“You impress me very favourably, Señor,” said the Italian, giving Leon his hand with a hearty gesture. “At the same time your position with reference to that blessed martyr is a strange one, and unpleasant for both of you.”

“It is the singularity of our position,” said Leon, “that made me decide on coming myself, that I might give you certain items of information which concern no one but me, and request your co-operation...”

“Mine?”

“Yes—to help me to carry out my arrangements, and get out of my difficulties as well as possible.”

Paoletti knit his brows. He had risen to start at once; but he now sat down again, and once more began to twirl his thumbs.

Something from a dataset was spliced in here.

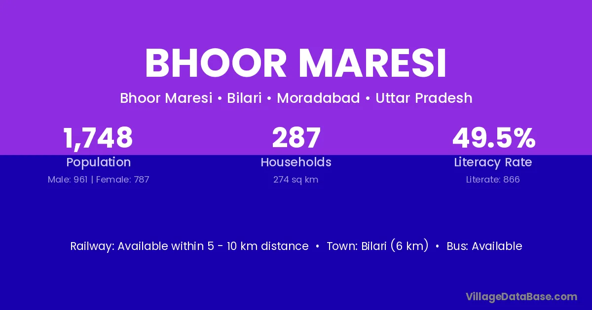 Bilari (6 km) is the nearest town to Bhoor Maresi village for major economic activities and is located approximately 6 km away.

“In the first place,” he said in the tone of a man accustomed to drive matters home, “explain to me the motives which brought you here. It is strange enough that you should come to confess to me, surely?” And he smiled with sarcastic triumph in a way that to Leon was more offensive than open mockery would have been.

“To confess?—yes indeed!”

“No, no, Señor,” said Paoletti with an affectation of sweetness which betrayed his Italian blood, “I do not expect you to confess—far from it! you will neither lay bare your conscience, nor retract your errors. You will only tell me what I know already—what every one knows. And all in order that I may help you...” And the priest ended his sentence by quoting the reports diffused by Pilar de San Salomó’s gossiping circle.

“In all that there is a little truth and a great deal of falsehood,” said Leon. “It is false to say that Monina is my child; it is false to accuse me of such a connection with Pepa Fúcar. That I love her is true—and that every kind of love for my unhappy wife is dead within me. I have no feeling left for her but calm regard, and a dispassionate respect for her virtues which I fully acknowledge.”

“Regard, respect!” said Paoletti. “Appreciation of her virtues!... This, Sir, is something. The pure and noble soul of María Egyptiaca deserves more, much more, it is true; but if we might hope that your regard and respect would develop and expand....” Again he took Leon’s hand in his own which was as white and cold as marble—“we might bring about a reconciliation.”